The days of traditional diet sodas appear to be numbered. Moody's Investors Services is reporting that while carbonated soft drink sales declined 2.6% in the U.S. last year, the industry experienced a more problematic 5% drop in diet and low-calorie sodas.
This is obviously bad news for Coca-Cola (NYSE: KO) and PepsiCo (NASDAQ:PEP), the world's two largest pop stars. However, this is also bad news for SodaStream (NASDAQ:SODA), the company behind the namesake beverage platform that turns still water into carbonated soft drinks.
We certainly live in weight-conscious times, so why are diet sodas fading in popularity? The clearest stumbling block is the growing concern about the potential health detriments of consuming the artificial sweeteners being used to eliminate the calories and carbs. There's no shortage of debate on the matter, but mere awareness of the possible risks makes diet soda less of the guilt-free indulgence that we once thought we were cracking open.
The Moody's report points out that the industry's efforts to bridge the difference by offering low- and mid-calorie drinks along the lines of Dr. Pepper TEN and Pepsi Next are failing. The problem with these bubbly tweeners is that they wind up offering the worst of both worlds. They still pack some calories, failing to sway the drinkers of diet beverages, but they also replace at least some sugar content with aspartame, acesulfame potassium, sucralose, and some of the other artificial sweeteners that have come under fire.
Another trend that's probably eating away at the popularity of diet sodas is the growing number of options. Between functional water and energy drinks, two categories that continue to grow, there are ever more calorie-free ways to find liquid refreshment.

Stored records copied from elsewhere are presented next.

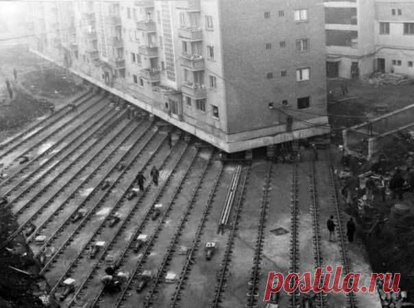 Перемещение 7600-тонного многоквартирного жилого здания, которое провели, чтобы проложить бульвар в румынском городе Алба-Юлия, 1987 год.
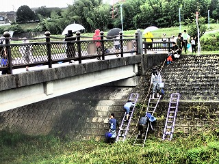 参加者は環境課を通しての参加者と、豊田自動織機関係、イオンのTシャツを着た参加者。週の前半よく雨が降ったので水かさや濁りを心配したが、濁りも少なくほどほどの深さ。参加者が多いことと途中で雨が降って急に避難ということも考えてはしごは3本。川の上の方のコンクリートの護岸は滑りやすいことが分かってなるべく草の斜面を降りるようにした。
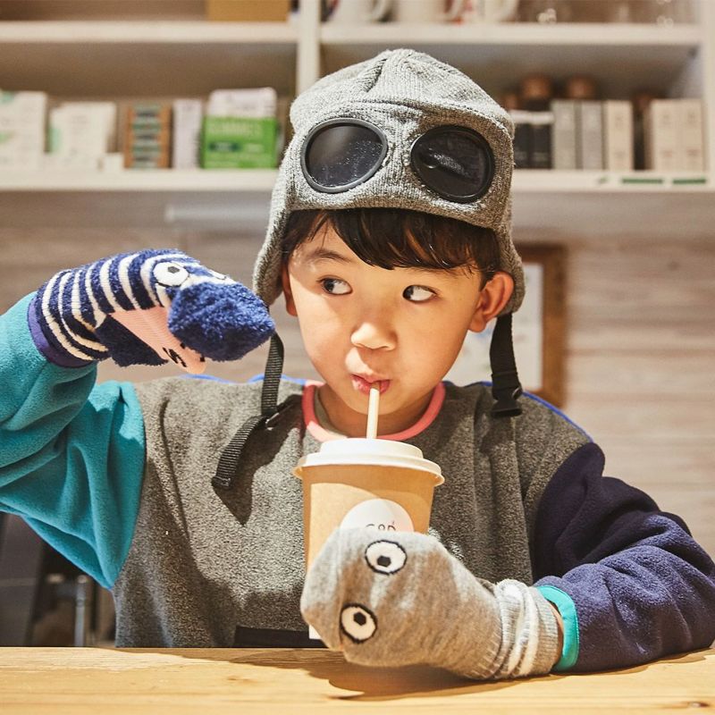 折り返し部分をおろして着用するとゴーグルになるニットキャップ。
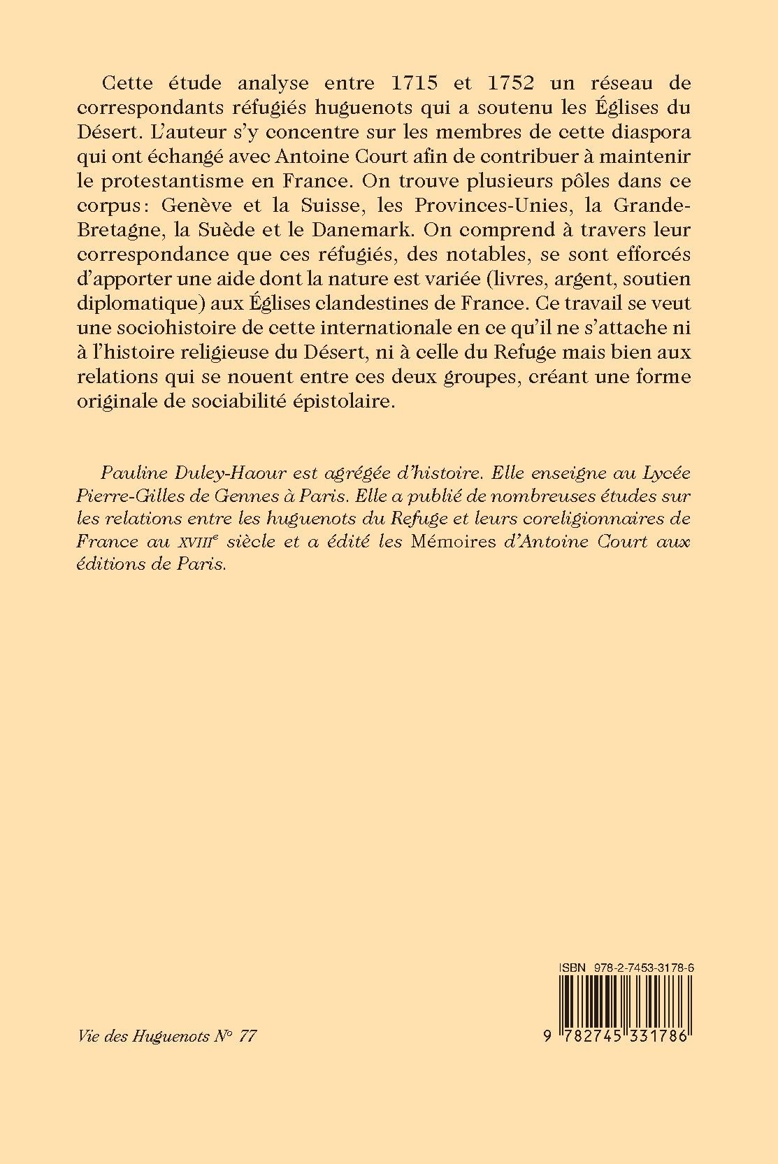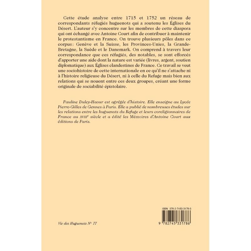 Pauline Duley-Haour est agrégée d’histoire. Elle enseigne au Lycée Pierre-Gilles de Gennes à Paris. Elle a publié de nombreuses études sur les relations entre les huguenots du Refuge et leurs coreligionnaires de France au XVIIIe siècle et a édité les Mémoires d’Antoine Court aux éditions de Paris.

PepsiCo and Coca-Cola are positioned well to cash in on this trend. Coca-Cola owns vitaminwater, and PepsiCo has Gatorade. Both have a healthy portfolio of juices, teas, and waters. PepsiCo's product lines also include Quaker oatmeal, Frito-Lay salty snacks, and Tropicana, helping it overcome the likely continuing slide in diet carbonated drinks.
SodaStream isn't as fortunate. Its fate is tethered to the rise and fall of carbonated beverages. Even the notion of consuming fewer fizzy drinks could be catastrophic, since that disrupts the value proposition of buying a SodaStream system in the first place. The one saving grace for SodaStream is that if the battleground has moved to non-diet sodas, it's well positioned for folks pulling up nutritional tables. SodaStream's non-diet sodas contain just a third of the calories, carbs, sugars, and sodiums found in Coke and Pepsi.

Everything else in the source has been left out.